Task description> Transcribe word for word the lines below from the line with "Front bumper, ns" through the line with "propiedades del material.", ends included.

Source material>

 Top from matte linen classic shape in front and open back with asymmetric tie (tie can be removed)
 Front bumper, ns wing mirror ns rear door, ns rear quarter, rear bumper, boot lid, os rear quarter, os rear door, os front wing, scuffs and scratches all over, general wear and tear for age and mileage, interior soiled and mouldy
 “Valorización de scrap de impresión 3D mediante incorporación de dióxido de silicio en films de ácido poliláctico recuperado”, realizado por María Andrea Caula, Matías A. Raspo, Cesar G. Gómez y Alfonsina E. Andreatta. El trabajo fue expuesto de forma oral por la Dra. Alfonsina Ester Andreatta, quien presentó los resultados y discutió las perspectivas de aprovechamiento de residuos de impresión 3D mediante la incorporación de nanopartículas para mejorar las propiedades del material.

* * *

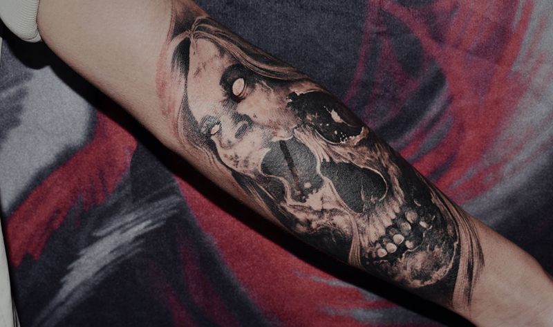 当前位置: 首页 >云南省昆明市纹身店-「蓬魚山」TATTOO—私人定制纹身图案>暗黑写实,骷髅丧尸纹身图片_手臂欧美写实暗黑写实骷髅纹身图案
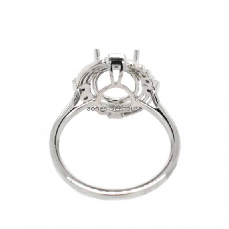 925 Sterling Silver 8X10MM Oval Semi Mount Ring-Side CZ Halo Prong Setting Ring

==

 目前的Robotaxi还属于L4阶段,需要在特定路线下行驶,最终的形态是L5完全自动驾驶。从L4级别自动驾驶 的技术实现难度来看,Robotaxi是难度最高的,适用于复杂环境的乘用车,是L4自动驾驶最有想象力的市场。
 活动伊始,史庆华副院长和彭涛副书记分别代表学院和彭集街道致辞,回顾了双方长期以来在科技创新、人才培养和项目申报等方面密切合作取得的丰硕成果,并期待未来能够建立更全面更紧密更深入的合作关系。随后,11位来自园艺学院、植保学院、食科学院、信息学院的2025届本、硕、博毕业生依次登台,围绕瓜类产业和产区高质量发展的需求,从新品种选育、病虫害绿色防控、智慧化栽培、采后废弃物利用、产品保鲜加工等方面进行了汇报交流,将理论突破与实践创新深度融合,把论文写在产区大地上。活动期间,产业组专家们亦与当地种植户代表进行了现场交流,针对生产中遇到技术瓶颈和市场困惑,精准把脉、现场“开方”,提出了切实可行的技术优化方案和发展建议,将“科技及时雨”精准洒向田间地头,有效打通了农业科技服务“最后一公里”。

Answer>
 Front bumper, ns wing mirror ns rear door, ns rear quarter, rear bumper, boot lid, os rear quarter, os rear door, os front wing, scuffs and scratches all over, general wear and tear for age and mileage, interior soiled and mouldy
 “Valorización de scrap de impresión 3D mediante incorporación de dióxido de silicio en films de ácido poliláctico recuperado”, realizado por María Andrea Caula, Matías A. Raspo, Cesar G. Gómez y Alfonsina E. Andreatta. El trabajo fue expuesto de forma oral por la Dra. Alfonsina Ester Andreatta, quien presentó los resultados y discutió las perspectivas de aprovechamiento de residuos de impresión 3D mediante la incorporación de nanopartículas para mejorar las propiedades del material.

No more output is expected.